Braganza J M, Fawcitt R A, Forbes W S, Isherwood I, Russell J G, Prescott M, Testa H J, Torrance H B, Howat H T
Clin Radiol. 1978 Nov;29(6):639-46. doi: 10.1016/s0009-9260(78)80186-x.
In a prospective study of 46 patients with suspected pancreatic disease the provisional diagnoses arrived at independently by isotope scanning (IS), ultrasonography (USS) and computed tomography (CT) have been compared. In the control group, IS and CT were associated with a higher false positive rate than USS; The isotope scan was abnormal in most patients with proven chronic pancreatitis and cancer. The results from USS and CT were similar when structural changes were present.
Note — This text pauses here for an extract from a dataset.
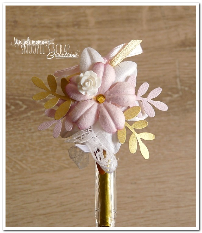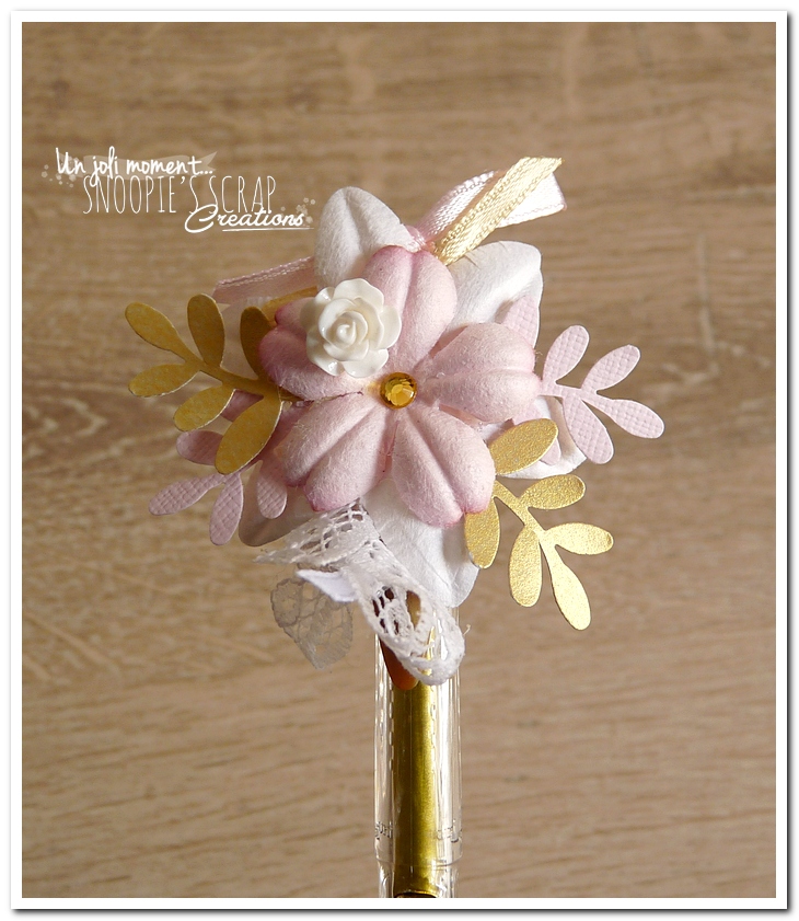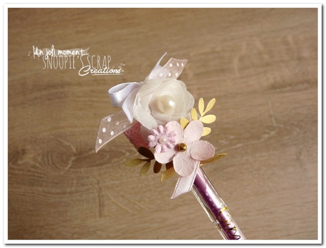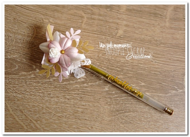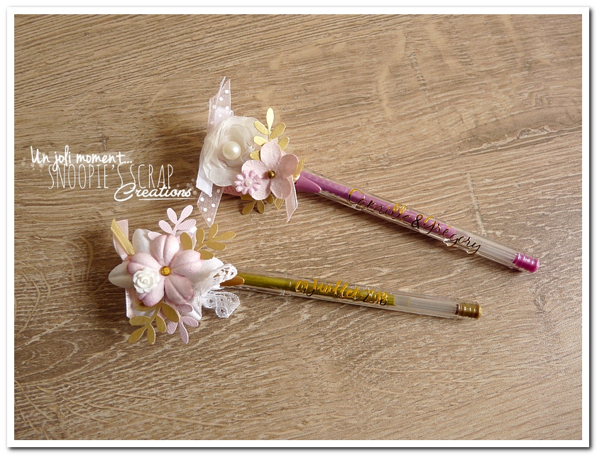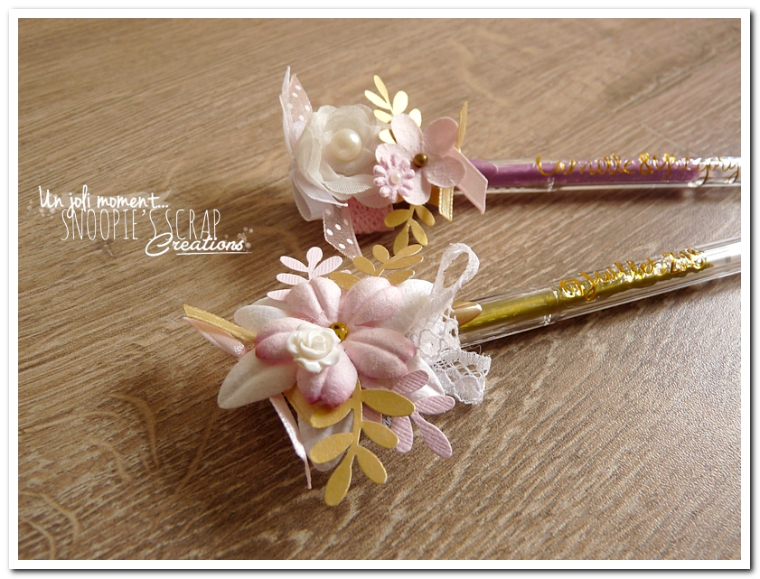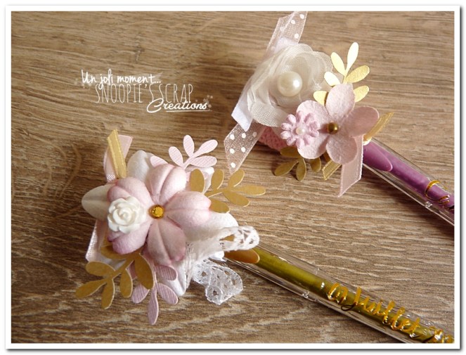 stylos décorés assortis au livre d’or, livre d’or mariage, vintage, rétro, dentelle, clés, métal, serrure, rubans, fleurs, doux, rose pastel, blanc cassé, romantique, romantique chic, fleuri, rose, blanc, doré, or, Camille & Grégory.

USS was superior in diagnosing pancreatic carcinoma and was a convenient means to follow the progression of acute pancreatitis to final resolution or the development of a pseudocyst. CT proved especially useful in accurately delineating cysts, pseudocysts and calculi prior to planning surgery and in assessing disease in contiguous viscera.
在一项针对46例疑似胰腺疾病患者的前瞻性研究中,对通过同位素扫描(IS)、超声检查(USS)和计算机断层扫描(CT)独立得出的初步诊断结果进行了比较。在对照组中,IS和CT的假阳性率高于USS;大多数经证实患有慢性胰腺炎和癌症的患者同位素扫描结果异常。当存在结构变化时,USS和CT的结果相似。USS在诊断胰腺癌方面更具优势,并且是跟踪急性胰腺炎进展至最终消退或假性囊肿形成的便捷手段。CT在术前准确描绘囊肿、假性囊肿和结石以及评估相邻脏器疾病方面尤其有用。